Task objective
Write out the listing verbatim. No pictures belong in it.

Provided data
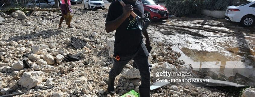 A man walks with a shovel in hand over rubble on Main Street in Santa Cruz, St. Elizabeth, Jamaica on October 29, 2025. (Photo by RICARDO MAKYN/AFP via Getty Images)
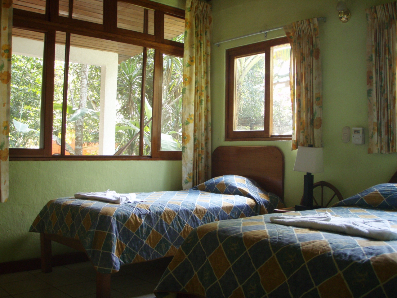 パナハッチェルのメインストリート、サンタンデール通りに面したホテル。広い敷地内にはプールを囲むようにコテージが並んでいる。同料金でも客室は数種類あるので見せてもらった方がいい。はじめ通された部屋は狭く暗かったので、変更して欲しいというと広く明るい部屋に替えてもらえた。客室はテラコッタの床にブラウン系のインテリアでまとめられているが古い!クローゼットには古い針金ハンガーが2本だけ・・・。セキュリティボックスは室内に完備。バスルームはシャワーのみ熱いお湯が出るがやっぱり古い。値段の安いが古さが気になるホテルでした。ただ立地は最高によく、スタッフも感じよかった。
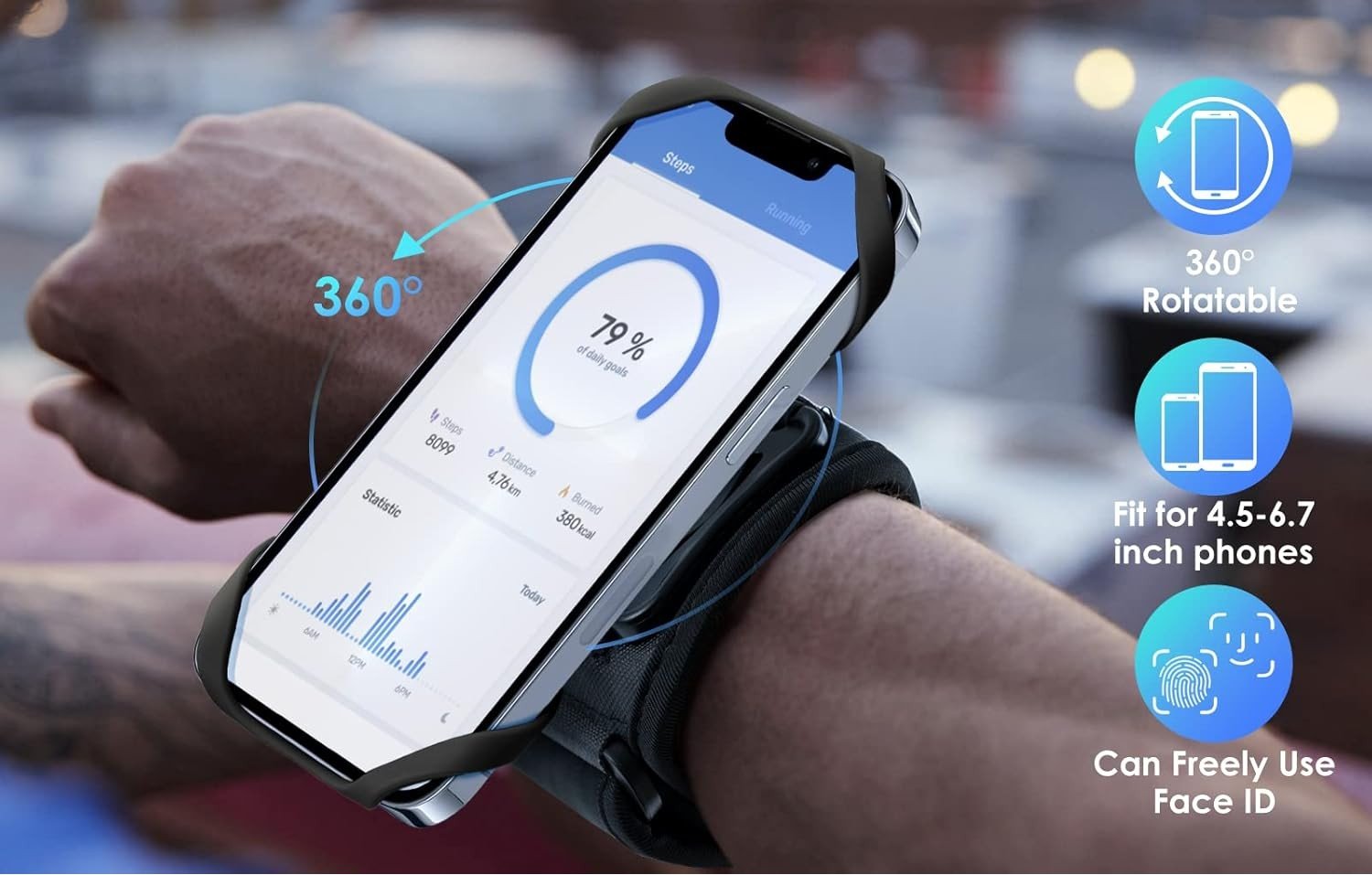 Brazalete Deportivo para Correr El brazalete para correr Phone es ideal para gimnasio, entrenamientos de alta intensidad, ejercicio extremo, fitness, yoga, caminatas casuales o actividades al aire libre como correr, andar en bicicleta, caminar, pescar, andar en canoa, entrenamiento cruzado, ocio diario, etc.

Written solution
 A man walks with a shovel in hand over rubble on Main Street in Santa Cruz, St. Elizabeth, Jamaica on October 29, 2025. (Photo by RICARDO MAKYN/AFP via Getty Images)
 パナハッチェルのメインストリート、サンタンデール通りに面したホテル。広い敷地内にはプールを囲むようにコテージが並んでいる。同料金でも客室は数種類あるので見せてもらった方がいい。はじめ通された部屋は狭く暗かったので、変更して欲しいというと広く明るい部屋に替えてもらえた。客室はテラコッタの床にブラウン系のインテリアでまとめられているが古い!クローゼットには古い針金ハンガーが2本だけ・・・。セキュリティボックスは室内に完備。バスルームはシャワーのみ熱いお湯が出るがやっぱり古い。値段の安いが古さが気になるホテルでした。ただ立地は最高によく、スタッフも感じよかった。
 Brazalete Deportivo para Correr El brazalete para correr Phone es ideal para gimnasio, entrenamientos de alta intensidad, ejercicio extremo, fitness, yoga, caminatas casuales o actividades al aire libre como correr, andar en bicicleta, caminar, pescar, andar en canoa, entrenamiento cruzado, ocio diario, etc.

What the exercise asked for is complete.